(DATA SEGMENT Opens)

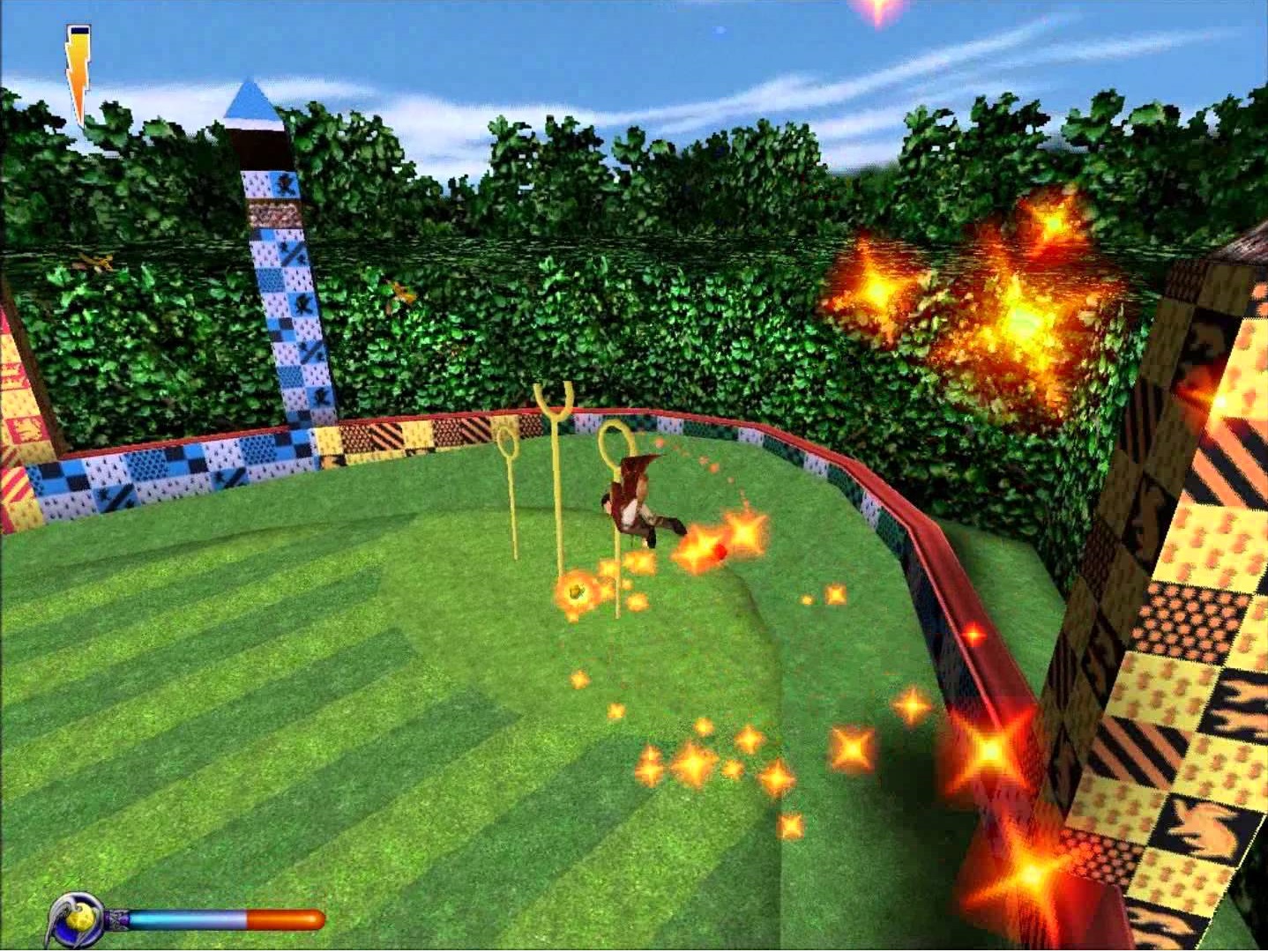Pero para mí lo mejor de este juego no era la adaptación de La Piedra Filosofal, ni las voces de los personajes, ni los desafíos. Lo que de verdad disfrutaba era el Quidditch, que más que un minijuego, era un segundo juego dentro de la aventura de Harry Potter. Tras asistir a las dos clases de vuelo -en la primera nos enseñaban los controles, mientras que en la segunda nos enfrentábamos a Malfoy por la recordadora-, jugábamos nuestro primer partido, en el que teníamos total libertad para movernos por el campo. Mientras evitásemos las Bludgers y chocar con otros jugadores, Harry podía tirarse horas volando en persecución de la Snitch, que tampoco es que fuera muy difícil de localizar. Pero había algo mágico en ello, algo que me hacía disfrutar enormemente de la posibilidad de participar en un partido, aunque estuviera tan limitado. Además, una vez superado el primer enfrentamiento -creo que era contra Ravenclaw-, podías participar de manera independiente en el Torneo, desde el menú principal. Y además, atrapar la Snitch no siempre te hacía ganar el partido, el contador cambiaba conforme pasaba el tiempo, y en alguna ocasión llegue incluso a no ganar la copa de Quidditch.
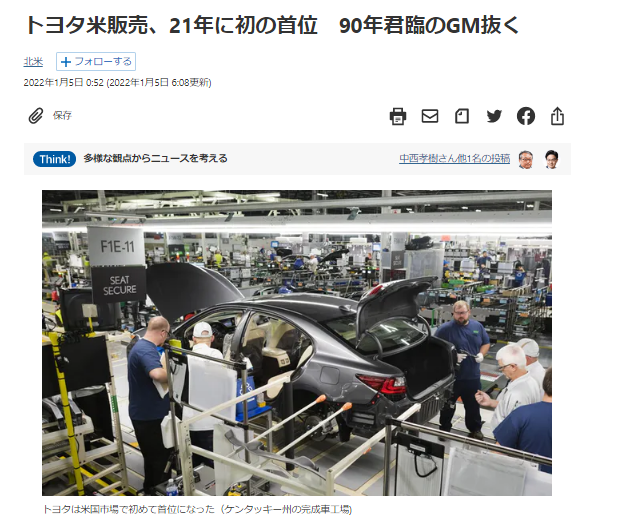ヨンダイ売れると良いねwwトヨタ米販売、21年に初の首位 90年君臨のGM抜く
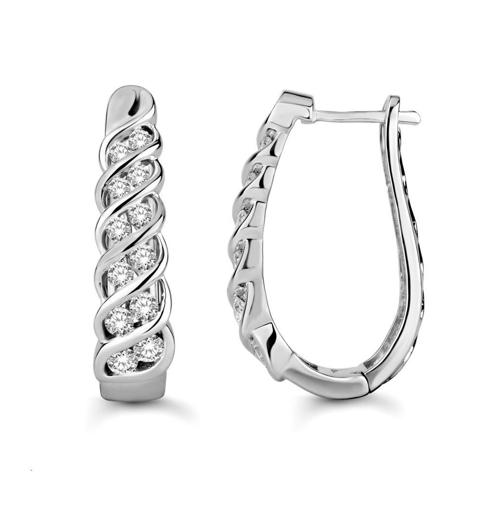 LADIES EARRINGS 1.00CT ROUND DIAMOND 14K WHITE GOLD
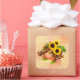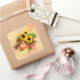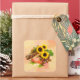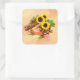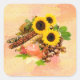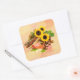 Viereckiger Aufkleber mit einem Bild von Dingen Erntedank, wie Ohren von indischem Mais, große gelbe Sonnenblumen, Kastanien, Herbstblätter und eine orange stimmliche Kerze auf Gelb- und Orangengrunge. Siehe dazu passende Vinyl-Aufkleber, Grußkarte, Etikett und Konfetti. Sehen Sie sich die gesamte Erntedank-Aufkleberkollektion unter CARDS & STICKERS im Bereich HOLIDAYS an.

(DATA SEGMENT Closes)

ASSIGNMENT -
The lines running from the one with "ヨンダイ売れると良いねwwトヨタ米販売、21年に初の首位 90年君臨のGM抜く" to the close of the material above are to be retyped exactly; no picture is to be included.

COMPLETED EXERCISE -
ヨンダイ売れると良いねwwトヨタ米販売、21年に初の首位 90年君臨のGM抜く
 LADIES EARRINGS 1.00CT ROUND DIAMOND 14K WHITE GOLD
 Viereckiger Aufkleber mit einem Bild von Dingen Erntedank, wie Ohren von indischem Mais, große gelbe Sonnenblumen, Kastanien, Herbstblätter und eine orange stimmliche Kerze auf Gelb- und Orangengrunge. Siehe dazu passende Vinyl-Aufkleber, Grußkarte, Etikett und Konfetti. Sehen Sie sich die gesamte Erntedank-Aufkleberkollektion unter CARDS & STICKERS im Bereich HOLIDAYS an.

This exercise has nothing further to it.